Of course your definition of hilarity needs to include voyeuristic gawking at human discomfort. This show is anything but a celebration of diversity. It is designed to stir the pot, mock the marginal, and ultimately suggest that in spite of a few shallow insights, everyone not like us is a freak. There is also a lot of crying in this show, but by the cast only: the viewer is encouraged to smirk.

Why focus on these trashy programs when I could be writing about adventures in a tattoo parlor (on a series which, incidentally, is quite good)? What struck me is that both of these shows are edited for the same effect. You can organize most fluff TV under this pleading heading: Please Mister Man, make me feel better about my world, my life, my taste in home décor. Just tell me that I am smarter or more fortunate than most people. Let me be the judge. if you give me a chance, I will even pay to call on my cell phone.

I am a case study. Alone in a hotel room, cranky to be away from my family and my stuff, I search longingly for a Mandy Moore film. In lieu of A Walk to Remember, a reality show will make me feel connected and superior. Either reaction eases the loneliness. Either compels me to look at channel after channel of car wrecks.
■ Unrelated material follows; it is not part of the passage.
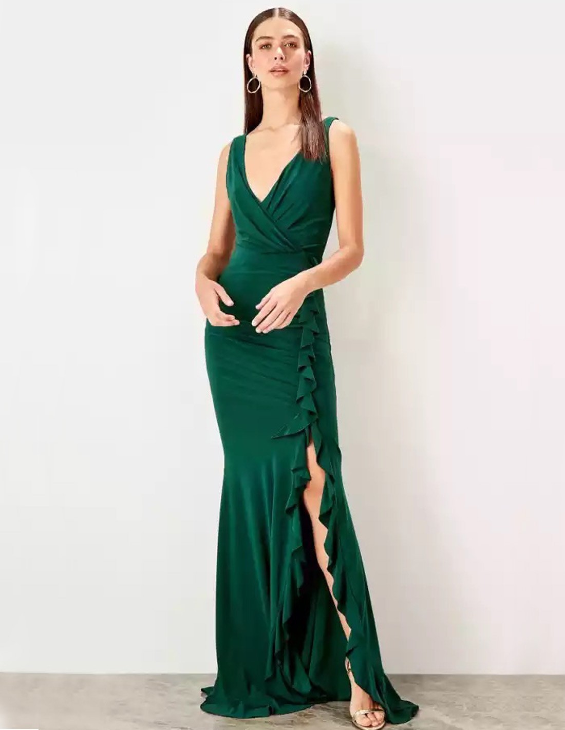 Robe longue de soirée avec décolleté en V et jupe fendue avec détail de volants.

The most “real” moment of the Extreme Home Makeover concerned the family’s thirteen-year-old boy. (Keep in mind, this kid is a micro-town preacher’s kid in B.F.E. Oklahoma and for some reason the designer decided to decorate his room in a scary urban-ghetto chic reminiscent of the set of Rent.). The boy walks in to his new bedroom and looks around with an expression of amused revulsion, definitely not undiluted gratitude. In his face we see what filtered TV prefers to temper—no matter how sentimental or sordid you arrange the clips, real life, in context and without editing, is complex and occasionally boring. We pray never to be forced to the edges of human experience. The extremes are what happen to other people, people who not anything like us.
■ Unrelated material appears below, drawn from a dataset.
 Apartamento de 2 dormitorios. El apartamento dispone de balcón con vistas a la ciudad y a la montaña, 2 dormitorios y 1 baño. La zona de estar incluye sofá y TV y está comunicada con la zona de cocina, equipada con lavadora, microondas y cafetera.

4 responses to “Reality swap”

  1. MF says:

    This post made me laugh out loud! Not at the television programming you describe, but at the vision of another traveling professional glued to the tv in the hotel room. I turn the tv on when I’m traveling, too. Katie Couric and Matt Lauer? Yes. Raymond? Yes. Dr. House? Yes. American Idol? Yes. All of it.
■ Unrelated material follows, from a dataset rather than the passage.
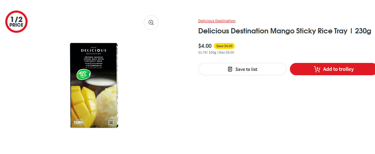 泰国进口芒果糯米饭半价!230g,现价$4.00!@ Coles ...

    I’m guessing it’s like you say… No family or dog to compete for my time and a need for a little comfort.

    Great post.

  2. kevin sprinkle says:

    i spent almost 13 months in alabama last year only coming home like every other weekend. i rarely turned the TV on except for important sporting events (no..not texas hold em on ESPN 5) and my fav Myth Busters although i must say that ESPN SportsCenter at 5am is comforting when one is stumbling around the room…another good post

  3. p: i’ve seen the other version of the wife swap show. i can’t remember what it’s called. but it actually worked quite well the one episode i saw: the self-absorbed tribeca father of bratty tribeca teenagers went to some hellhole trailer house in the south with fat kids on the couch eating potato chips and playing nintendo all day. they taught him to slow down a little, to savor simple things, like steak on the rusty bbq or playing football with the kids. meanwhile, the redneck dad is trying to plan a bat mitzvah in manhattan. he tells the family they’ve all gone out of their minds, can’t believe how much money they’re spending on a party for a bratty teenager, and is put in charge of making a budget for the affair. he actually pulled it off. if i remember this right (i probably saw it in a hotel years ago; i can’t imagine when else i would have seen it) they all came to appreciate one another and everything worked out by the end — not only that, but both fathers returned to the homes of origin having a new appreciation for the families they had and a desire to change things at home to. it was downright schlocky.

    are you still in LA this week? have we missed you??